% Generated by roxygen2: do not edit by hand
% Please edit documentation in R/StatTools.R
\name{getClusters}
\alias{getClusters}
\title{getClusters}
\usage{
getClusters(data, method = "hca", ...)
}
\arguments{
\item{data}{the matrix including the integrations of the areas defined by the buckets (columns) 
on each spectrum (rows)}

\item{method}{Clustering method of the buckets. Either 'corr' for 'correlation' or 'hca' for 
'hierarchical clustering analysis'.}

\item{...}{Depending on the chosen method:
\itemize{
  \item \code{corr} : cval, dC, ncpu
  \item \code{hca} :  vcutusr
}}
}
\value{
\code{getClusters} returns a list containing the following components:
\itemize{
  \item \code{vstats} Statistics that served to find the best value of the criterion (matrix)
  \item \code{clusters} List of  the ppm value corresponding to each cluster. the length of the list equal to number of clusters
  \item \code{clustertab} the associations matrix that gives for each cluster (column 2) the corresponding buckets (column 1)
  \item \code{params} List of parameters related to the chosen method for which the clustering was performed.
  \item \code{vcrit} Value of the (best/user) criterion, i.e correlation threshold for 'corr' method or the cut value for the 'hca' method.
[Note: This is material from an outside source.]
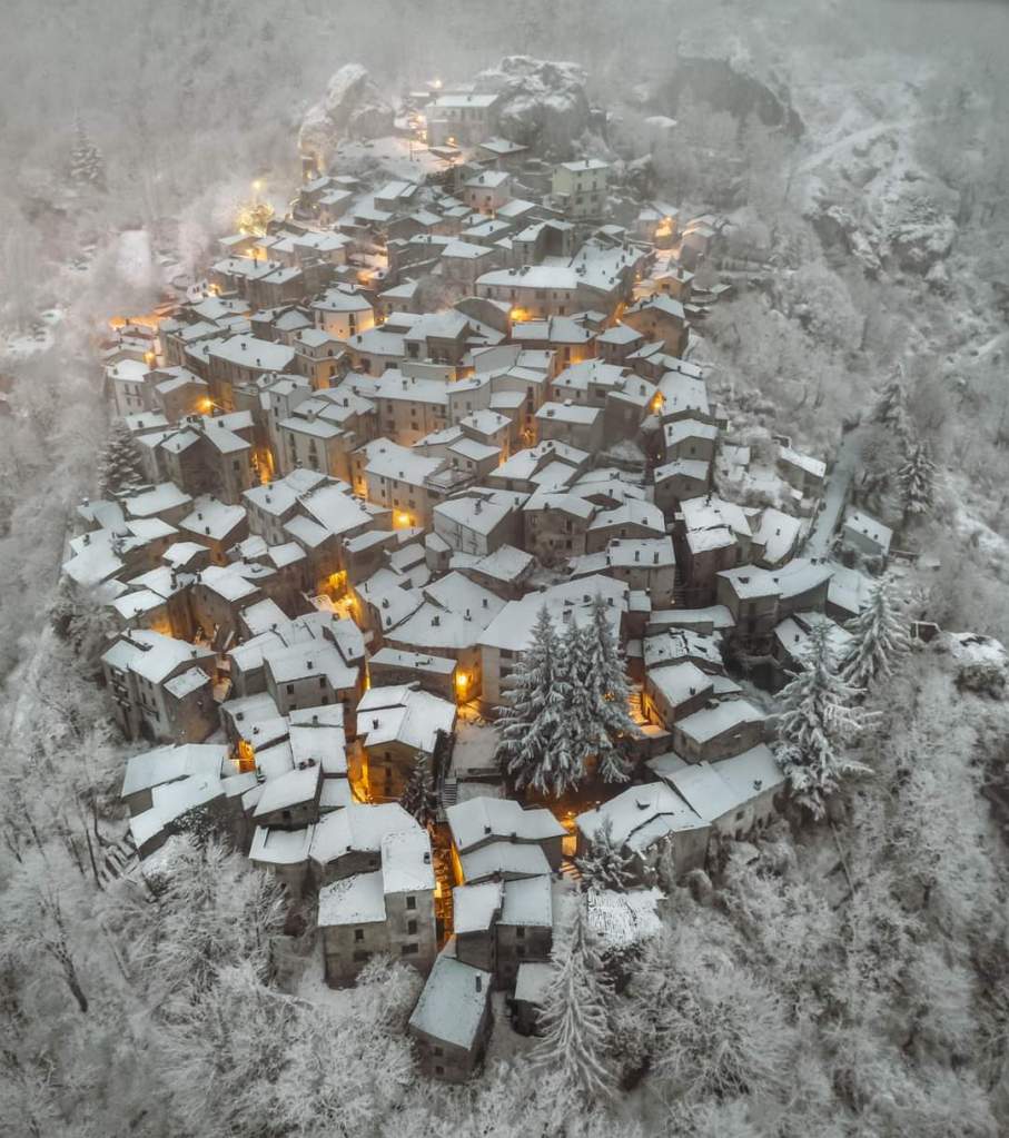 Molti paesi abruzzesi innevati sembrano piccoli presepi, come Pietracamela (Te), in questo suggestivo scatto del fotografo Paolo Silvestri (paolosilvestriphoto Instagram)

  \item \code{indxopt} Index value within the vstats matrix corresponding to the criterion value (vcrit)
}
}
\description{
From the data matrix generated from the integration of all bucket zones (columns) for each 
spectrum (rows), we can take advantage of the concentration variability of each compound in 
a series of samples by performing a clustering based on significant correlations that link 
these buckets together into clusters. Bucket Clustering based on either a lower threshold  
applied on correlations or a cutting value applied on a hierarchical tree of the variables 
(buckets) generated by an Hierarchical Clustering Analysis (HCA).
}
\details{
At the bucketing step (see above),  we have chosen the intelligent bucketing, it means 
that each bucket exact matches with one resonance peak. Thanks to this, the buckets now 
have a strong chemical meaning, since the resonance peaks are the fingerprints of 
chemical compounds. However, to assign a chemical compound, several resonance peaks 
are generally required in 1D 1 H-NMR metabolic profiling. To generate relevant 
clusters (i.e. clusters possibly matching to chemical compounds), two approaches 
have been implemented:
\itemize{
  \item Bucket Clustering based on a lower threshold  applied on correlations
  \itemize{
      \item In this approach an appropriate correlation threshold is applied on the correlation 
matrix before its cluster decomposition. Moreover, an improvement can be done by searching for 
a trade-off on a tolerance interval of the correlation threshold : from a fixed threshold of the 
correlation (cval), the clustering is calculated for the three values (cval-dC, cval, cval+dC), 
where dC is the tolerance interval of the correlation threshold. From these three sets of 
clusters, we establish a merger according to the following rules: 1) if a large cluster is 
broken, we keep the two resulting clusters. 2) If a small cluster disappears, the initial 
cluster is conserved. Generally, an interval of the correlation threshold included between 
0.002 and 0.01 gives good trade-off.
  }
  \item Bucket Clustering based on a hierarchical tree of the variables (buckets) generated 
by an Hierarchical Clustering Analysis (HCA)
  \itemize{
      \item In this approach a Hierachical Classification Analysis (HCA, \code{\link[stats]{hclust}}) 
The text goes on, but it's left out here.